## PROBLEM TO SOLVE
The answer must be the full listing, word for word, with no pictures in it.

## DATA SHOWN
◇ ◇ ◇ ◇

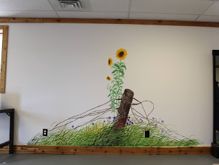 The second wall directly across from the tree mural, featured a fence post with old barbed wire, it is about 11 feet in length. I used the same gold glitter to place some highlights into the yellow flowers. Magical!
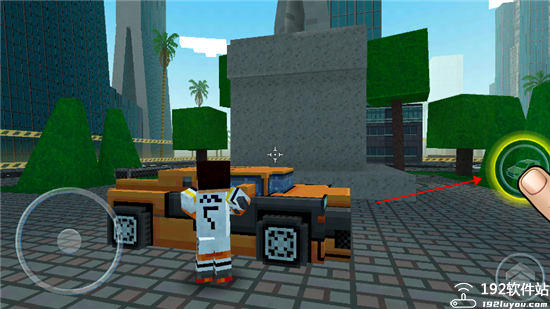 5、靠近游戏载具附近会显示汽车图标,点击即可进入载具,再次点击即可下车。
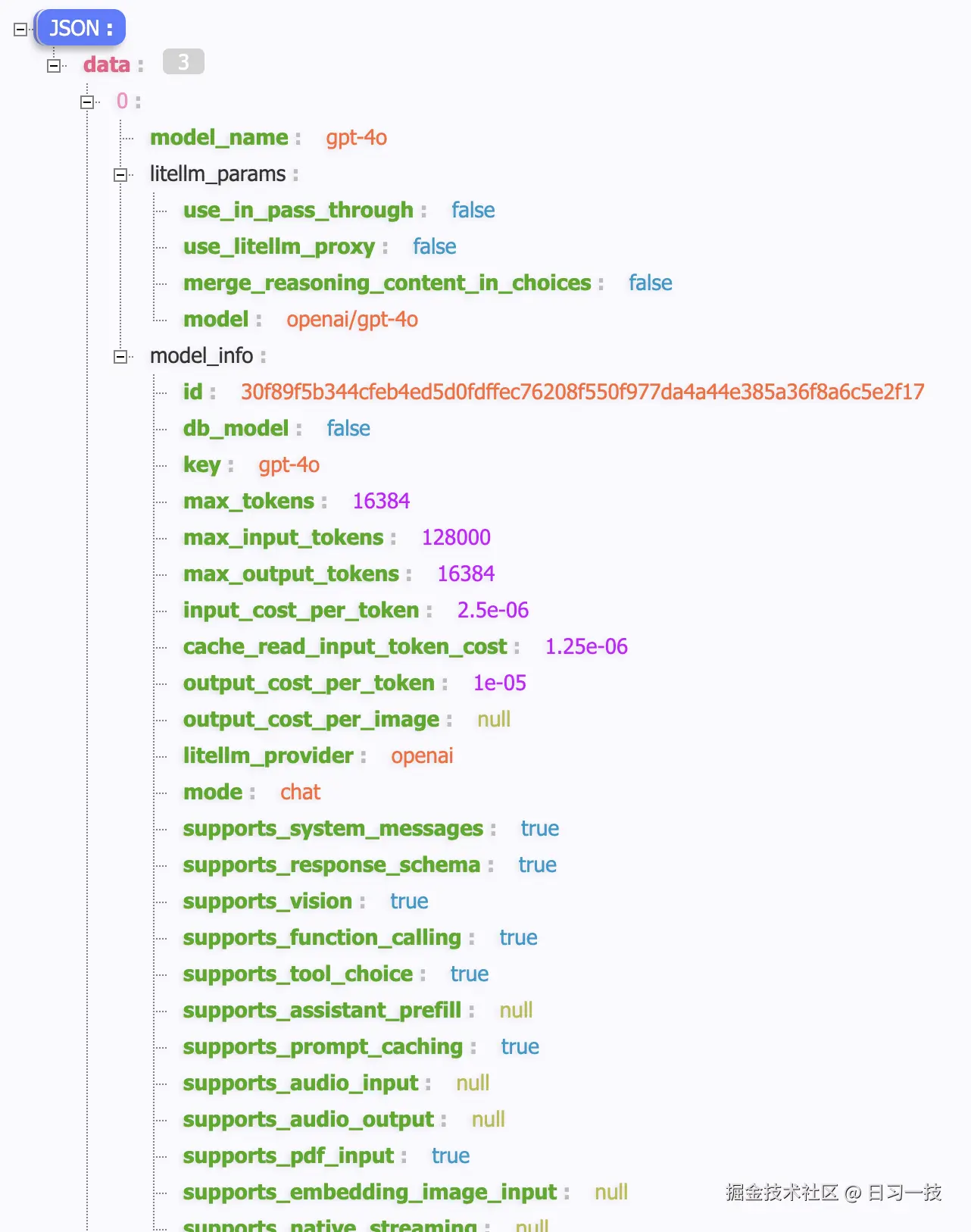 但在实际应用中,我们往往需要更多的信息。比如,某个模型的最大 Token 数是多少?调用这个模型的成本是多少?这个模型有什么特殊的功能限制吗?这就需要用到 model_info 字段,我们可以通过 /model/info 接口了解每个模型的详细信息:

◇ ◇ ◇ ◇

## WORKED SOLUTION
 The second wall directly across from the tree mural, featured a fence post with old barbed wire, it is about 11 feet in length. I used the same gold glitter to place some highlights into the yellow flowers. Magical!
 5、靠近游戏载具附近会显示汽车图标,点击即可进入载具,再次点击即可下车。
 但在实际应用中,我们往往需要更多的信息。比如,某个模型的最大 Token 数是多少?调用这个模型的成本是多少?这个模型有什么特殊的功能限制吗?这就需要用到 model_info 字段,我们可以通过 /model/info 接口了解每个模型的详细信息:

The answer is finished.